Второе ограничение накладывается по характеру техники замораживания высокого давления. Когда клетки замерзают, клеточная вода перестраивает с образованием кристаллов льда , если скорость замораживания ниже 100 К / с 21. Эти кристаллы льда могут проникать мембраны или концентрат растворенных веществ, чтобы изменить местное осмотическое давление, что приводит к разрыву мембраны. Для того, чтобы избежать кристаллов льда, HIGч Давление (~ 2000 атм) применяется к образцам. Из - за супер-охлаждения эффект, морозильную скорость 100 К / с достаточно , чтобы вода не образуя кристаллы льда , при этом давлении 21. В теории, образцы толщиной 500 мкм, могут быть заморожены без кристаллов льда, но примерно 200 мкм, скорее всего, практический предел, поскольку кубовидные формы льда имеют тенденцию к образованию в толстой ткани, ставя под угрозу морфологию. При обработке образцов толщины более 5 мкм, использование надлежащего крио-протравитель, таких, как БС, необходимо. Однако БС изменит осмолярность раствора и может повлиять на физиологическую реакцию клеток. Таким образом, обширные контрольные эксперименты необходимы для проверки использования БСА в конкретных системах. Кристаллы льда могут также образовывать после замораживания высокого давления, если образцы случайно извлекают из ванны с жидким азотом. Таким образом, крайне важно, чтобы держать образцы в жидком азоте в любое время и использовать предварительно охлажденные щипцыманипулировать ими.

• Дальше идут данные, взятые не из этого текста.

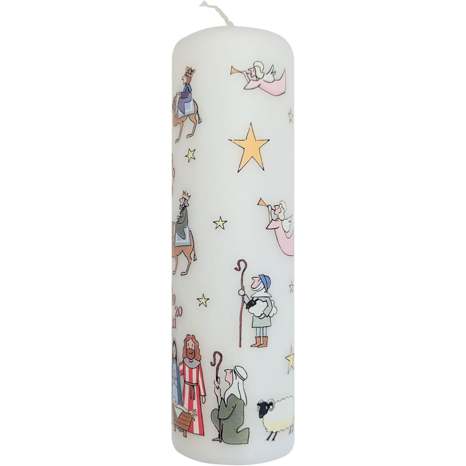 CHRISTMAS CANDLE | Welcome the Festive spirit into your home with the time honoured tradition of lighting an Advent candle each day as a countdown to Christmas Day. The pillar Advent candle is decorated with delightful images from the Christmas nativity all in vibrant, colourful print

При планировании экспериментов, следующие три точки должны быть рассмотрены. Во- первых, максимальная интенсивность света (460 нм линия) составляет 5,5 - 8,0 мВт / мм 2. Независимо от того, достаточно, чтобы вызвать активность этой интенсивности должны быть проверено с живыми клетками на флуоресцентный микроскопе до начала вспышки и ЗАМЕРЗАНИЕ экспериментов. Во-вторых, эксперименты должны быть выполнены при физиологической температуре. Этап морозильной камеры высокого давления нагревают до 37 ° C для экспериментов с мыши нейронов гиппокампа 31. И, наконец, моменты времени должны быть тщательно подобраны, чтобы уловить динамику мембраны. Первоначальные исследования показали, что эндоцитоз завершается через 100 мс стимуляции. Таким образом, три дополнительных временных точках (15, 30, и 50 мс) были также исследованы , чтобы проследить динамику мембраны 17, 18. Эти моменты времени были необходимы, чтобы визуализировать события мембранныхы во время синаптической передачи. Тем не менее, требование в отношении количества временных точек различны в каждом клеточном случае. Таким образом, несколько моментов времени должны быть выбраны до начала большого сбора набора данных.